There is ongoing debate about whether eating disorders are more common in modern society. Some say that as young people are both exposed to and share images of themselves in an unprecedented way on social media today, this affects their body image and may have an impact on their eating too. Others suggest that social media can help eating disorder recovery by providing platforms for people to talk about their experiences and treatment. So which one is correct?
We know that rates of eating disorders are high. According to a large survey conducted in 2017, about four in every 1,000 young people aged 5-19 years have an eating disorder in England alone. The most recent study to look at trends in eating disorders in primary care showed that more people were being diagnosed with eating disorders year on year too. It found that the number of people being diagnosed with eating disorders increased from 32 to 37 in every 100,000 people aged 10-49 years between 2000 and 2009. But the GP data used in this research is now more than ten years old – dating from before the launch of platforms such as Instagram.
For our newly published research, we decided to look again at these trends to find if the rise of social media had changed anything. We used a large primary care database covering about 7% of the population in England and specifically looked at the anonymised records of more than one million children and young people who visited their GP between 2004 and 2014.
We found that eating disorders recorded in primary care are nearly 11 times more common in females than males and twice as common in people aged 16–20 years old, than in the 11-15 or 21-24 age groups. They are also one and a half times as common in people from the most affluent areas compared to the least.
The most common type of eating disorder was not either of the two most well known – anorexia and bulimia nervosa – but eating disorders “not otherwise specified”. This means that they are eating disorders that don’t quite reach the threshold to be defined as anorexia or bulimia nervosa.

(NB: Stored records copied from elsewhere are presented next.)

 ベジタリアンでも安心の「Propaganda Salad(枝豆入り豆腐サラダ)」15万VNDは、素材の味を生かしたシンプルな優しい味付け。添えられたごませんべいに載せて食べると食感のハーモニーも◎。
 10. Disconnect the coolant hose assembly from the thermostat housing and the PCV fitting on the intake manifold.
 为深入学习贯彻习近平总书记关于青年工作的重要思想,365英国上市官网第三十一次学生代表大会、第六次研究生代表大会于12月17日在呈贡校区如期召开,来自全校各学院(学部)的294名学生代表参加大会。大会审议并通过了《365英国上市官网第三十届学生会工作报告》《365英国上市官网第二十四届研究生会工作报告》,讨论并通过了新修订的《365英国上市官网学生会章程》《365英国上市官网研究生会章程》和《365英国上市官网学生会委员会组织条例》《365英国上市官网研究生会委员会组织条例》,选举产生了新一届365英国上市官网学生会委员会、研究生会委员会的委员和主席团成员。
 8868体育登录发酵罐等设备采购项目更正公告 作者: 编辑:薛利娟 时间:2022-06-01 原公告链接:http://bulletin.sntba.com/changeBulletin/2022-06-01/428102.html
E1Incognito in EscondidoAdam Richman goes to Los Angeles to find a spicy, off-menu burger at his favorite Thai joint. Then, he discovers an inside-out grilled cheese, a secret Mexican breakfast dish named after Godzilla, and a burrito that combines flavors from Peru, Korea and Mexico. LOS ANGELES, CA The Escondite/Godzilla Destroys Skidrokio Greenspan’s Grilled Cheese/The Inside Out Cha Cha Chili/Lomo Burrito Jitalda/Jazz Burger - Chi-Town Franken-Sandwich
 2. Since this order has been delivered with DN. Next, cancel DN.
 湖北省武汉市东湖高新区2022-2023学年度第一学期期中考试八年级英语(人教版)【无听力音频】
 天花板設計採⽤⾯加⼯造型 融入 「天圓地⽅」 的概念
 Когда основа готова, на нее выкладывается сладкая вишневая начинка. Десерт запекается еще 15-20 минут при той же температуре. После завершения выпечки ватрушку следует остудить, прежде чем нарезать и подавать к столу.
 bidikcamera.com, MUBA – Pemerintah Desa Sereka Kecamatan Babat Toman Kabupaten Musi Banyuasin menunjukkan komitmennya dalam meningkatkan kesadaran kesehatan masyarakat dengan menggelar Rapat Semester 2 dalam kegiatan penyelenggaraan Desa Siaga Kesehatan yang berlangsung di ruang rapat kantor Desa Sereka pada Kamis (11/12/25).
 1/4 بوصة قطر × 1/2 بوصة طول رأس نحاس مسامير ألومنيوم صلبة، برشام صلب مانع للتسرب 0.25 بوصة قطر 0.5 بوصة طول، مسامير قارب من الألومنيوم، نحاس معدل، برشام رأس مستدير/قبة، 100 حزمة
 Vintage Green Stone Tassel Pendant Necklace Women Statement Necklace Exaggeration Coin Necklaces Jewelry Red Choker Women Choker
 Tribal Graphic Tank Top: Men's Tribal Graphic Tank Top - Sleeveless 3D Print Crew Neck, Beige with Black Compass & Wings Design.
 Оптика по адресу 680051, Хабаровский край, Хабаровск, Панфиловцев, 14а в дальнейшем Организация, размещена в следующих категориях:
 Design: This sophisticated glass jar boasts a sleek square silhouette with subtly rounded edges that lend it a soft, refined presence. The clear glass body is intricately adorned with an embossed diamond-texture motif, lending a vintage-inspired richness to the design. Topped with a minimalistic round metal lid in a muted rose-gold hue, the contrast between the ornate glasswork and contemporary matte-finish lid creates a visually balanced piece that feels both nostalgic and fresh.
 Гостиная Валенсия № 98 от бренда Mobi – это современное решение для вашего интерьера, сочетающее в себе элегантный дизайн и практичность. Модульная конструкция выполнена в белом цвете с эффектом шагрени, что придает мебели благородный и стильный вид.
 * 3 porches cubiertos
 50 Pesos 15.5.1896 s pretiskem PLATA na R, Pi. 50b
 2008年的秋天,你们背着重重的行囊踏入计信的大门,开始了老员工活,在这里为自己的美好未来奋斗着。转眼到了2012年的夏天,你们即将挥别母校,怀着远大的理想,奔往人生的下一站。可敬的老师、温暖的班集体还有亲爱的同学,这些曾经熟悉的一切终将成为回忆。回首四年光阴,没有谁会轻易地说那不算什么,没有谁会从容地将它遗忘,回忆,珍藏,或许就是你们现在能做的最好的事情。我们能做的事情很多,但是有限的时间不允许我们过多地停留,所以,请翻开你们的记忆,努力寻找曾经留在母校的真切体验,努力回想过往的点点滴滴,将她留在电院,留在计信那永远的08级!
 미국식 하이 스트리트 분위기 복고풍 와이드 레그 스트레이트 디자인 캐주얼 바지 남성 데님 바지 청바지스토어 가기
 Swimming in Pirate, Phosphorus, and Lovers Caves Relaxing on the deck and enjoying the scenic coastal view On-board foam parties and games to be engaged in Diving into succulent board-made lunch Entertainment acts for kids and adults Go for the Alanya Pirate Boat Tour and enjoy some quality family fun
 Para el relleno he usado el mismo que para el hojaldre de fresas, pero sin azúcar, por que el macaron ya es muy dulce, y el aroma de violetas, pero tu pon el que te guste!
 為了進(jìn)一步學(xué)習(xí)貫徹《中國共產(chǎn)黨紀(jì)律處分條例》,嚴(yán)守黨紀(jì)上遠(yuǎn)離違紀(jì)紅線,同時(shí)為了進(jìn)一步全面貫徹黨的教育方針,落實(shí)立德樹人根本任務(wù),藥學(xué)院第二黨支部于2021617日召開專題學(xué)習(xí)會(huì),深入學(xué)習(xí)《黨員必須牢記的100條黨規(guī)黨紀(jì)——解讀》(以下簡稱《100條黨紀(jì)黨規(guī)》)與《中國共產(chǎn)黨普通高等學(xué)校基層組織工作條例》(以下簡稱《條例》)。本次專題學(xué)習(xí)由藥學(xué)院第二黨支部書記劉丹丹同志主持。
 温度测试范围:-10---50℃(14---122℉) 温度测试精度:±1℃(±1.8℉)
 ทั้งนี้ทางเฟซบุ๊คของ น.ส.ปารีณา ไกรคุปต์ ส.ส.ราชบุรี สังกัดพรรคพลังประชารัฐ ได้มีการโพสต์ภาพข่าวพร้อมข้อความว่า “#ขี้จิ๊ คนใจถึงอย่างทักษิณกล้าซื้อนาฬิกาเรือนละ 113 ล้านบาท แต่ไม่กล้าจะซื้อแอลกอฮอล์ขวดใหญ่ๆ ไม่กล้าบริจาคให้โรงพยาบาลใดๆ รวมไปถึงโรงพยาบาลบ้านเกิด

We also found that fewer young people are being diagnosed with eating disorders every year in primary care. Rates decreased most significantly for bulimia nervosa, less so for eating disorders not otherwise specified, and remained stable for anorexia nervosa. Decreases were seen in females, and the 16–24 age group too. Significant decreases were also found in young people from the most deprived areas, but not the most affluent (where rates are higher), further widening the difference between the two groups.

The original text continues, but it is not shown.